I punted this week and convinced Eric to celebrate Weird Food Thursday by going to Jim's with me. Jim's is a regional 24-hour chain, like a downscale Denny's but with more dinerish charm.
The Jim's we went to has the pitched roof, natural stone walls, and soaring glass windows of a 60s coffee shop and a vinyl-heavy 90s-renovated interior, the combined effect of which was undercut by the cheap CFL bulbs in the glass light fixtures. In other words, exactly what you'd expect from a regional diner chain.
The food was plentiful and the slice of lemon meringue we split at the end was bright and not too sweet. Sometimes you just need a plate of unremarkable diner food after a dumb day's work, you know?
Last week's Weird Food Thursday was much more exciting. I can't believe I didn't write about it until now. A friend of a friend works at a deer processing place, and sometimes people--idiots--just want the head and don't bother to pick up the rest. Sometimes the meat makes its way to us, this time in the form of a deer tenderloin.
I used this recipe* and added red pepper flakes and coarsely chopped garlic and backed off the sugar a bit.
I ran into trouble when I took the meat out of the container it had been marinating in overnight because until then I had failed to notice there was silver skin covering one side.

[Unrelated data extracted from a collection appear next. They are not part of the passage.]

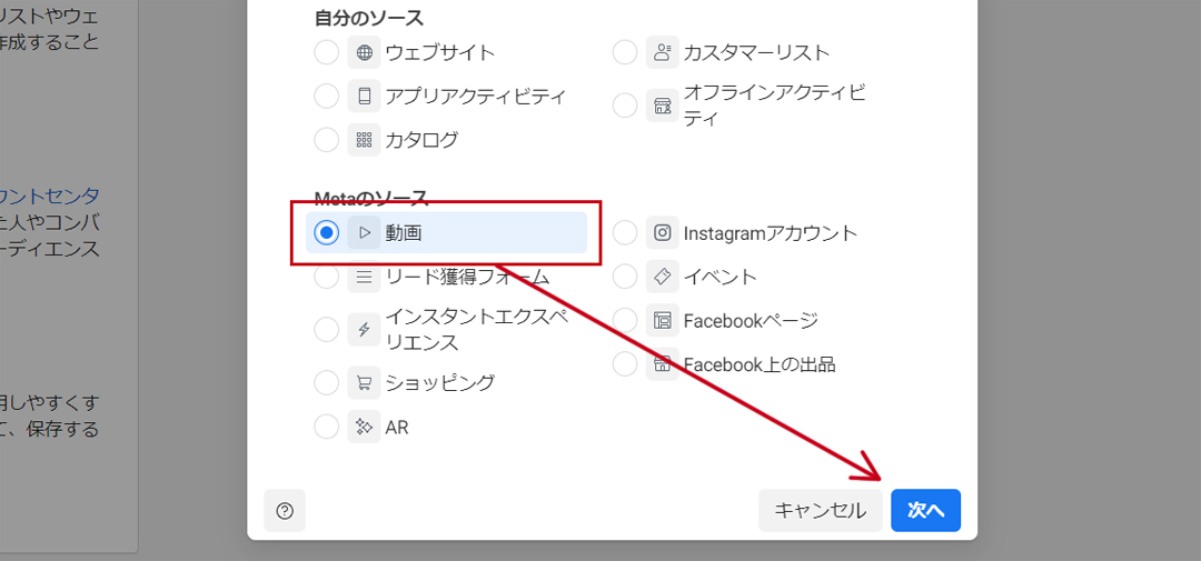 FacebookやInstagramのオーガニック動画・動画を一定条件で再生したユーザーに基づくカスタムオーディエンスです。
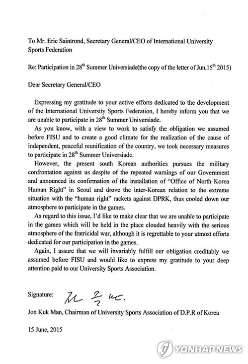 △ 북한이 보낸 광주하계유니버시아드 대회 불참 메일
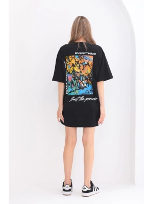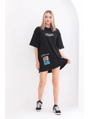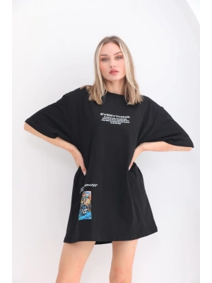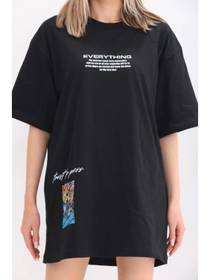 kadın Bisiklet Yaka Baskılı Oversize T-Shirt - Siyah
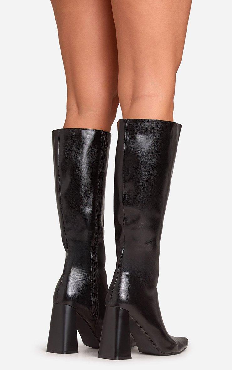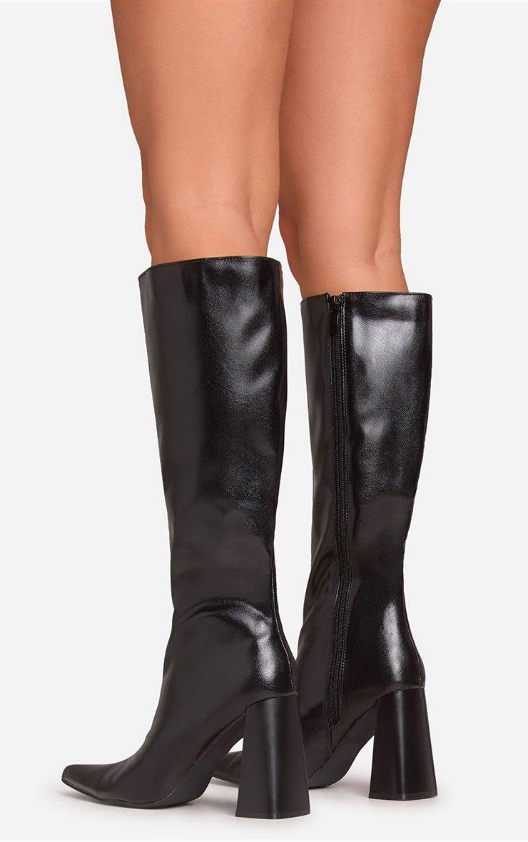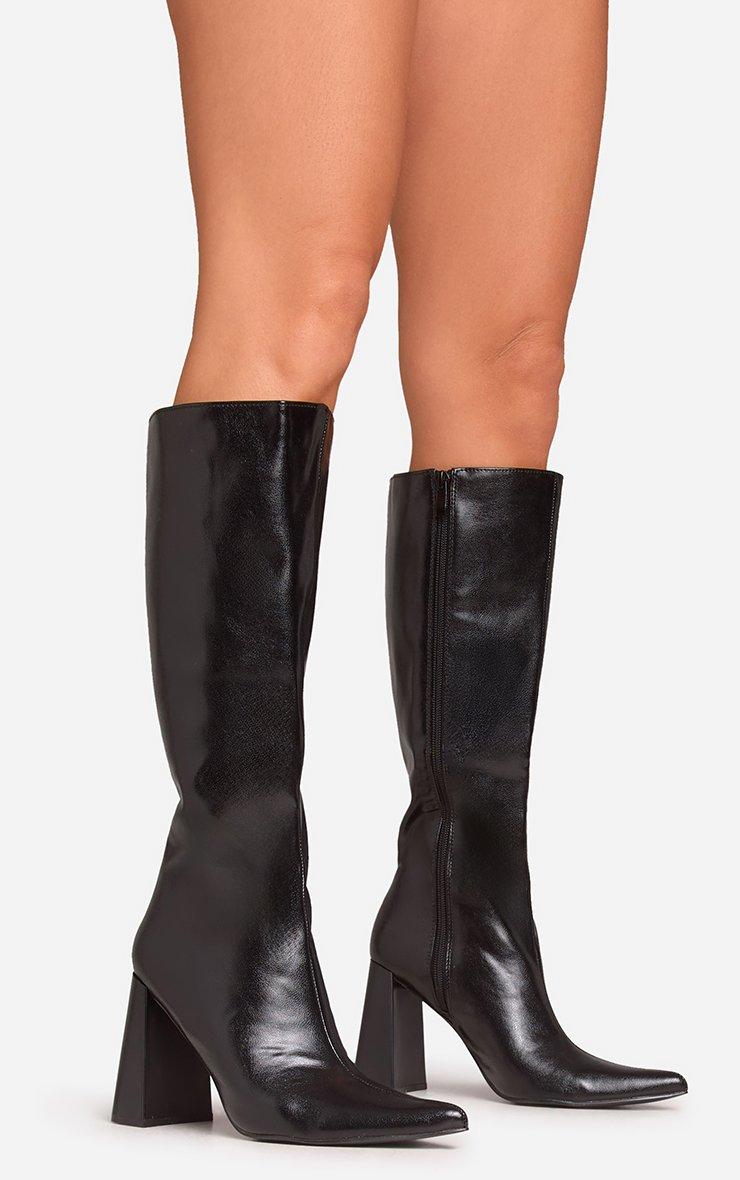 Own the season with these statement boots, doll! Featuring a black faux leather material with a pointed toe and a chic block heel, these knee-high beauties are your ultimate autumn must-have.

Ugh.
My knife skills border on the abysmal and my butchering skills are nonexistent, so it took a lot of yanking and mangling and discarding far too much good meat to finally get the thing free of tissue and swaddled in bacon.
I then had a pleasant, uneventful 25 minutes while it roasted in the oven, then another dramatic near-disaster when dinner almost caught on fire as the fat-coated toothpicks lit up and began popping under the broiler flame while I was crisping up the bacon.
I learned a lot that night, but it still turned out pretty well. I didn't overcook it, and anyway bacon and sugar will make almost anything taste good.
*Favorite steps, of any recipe, ever:
"5. Wrap a piece of bacon around the very end of the tenderloin, securing the bacon strip with a toothpick.
"6. Repeat this process until the entire loin is wrapped in ten or so bacon 'loops.' The tenderloin should look like an arm with a bunch of wrist watches on it, the watches being the bacon strips."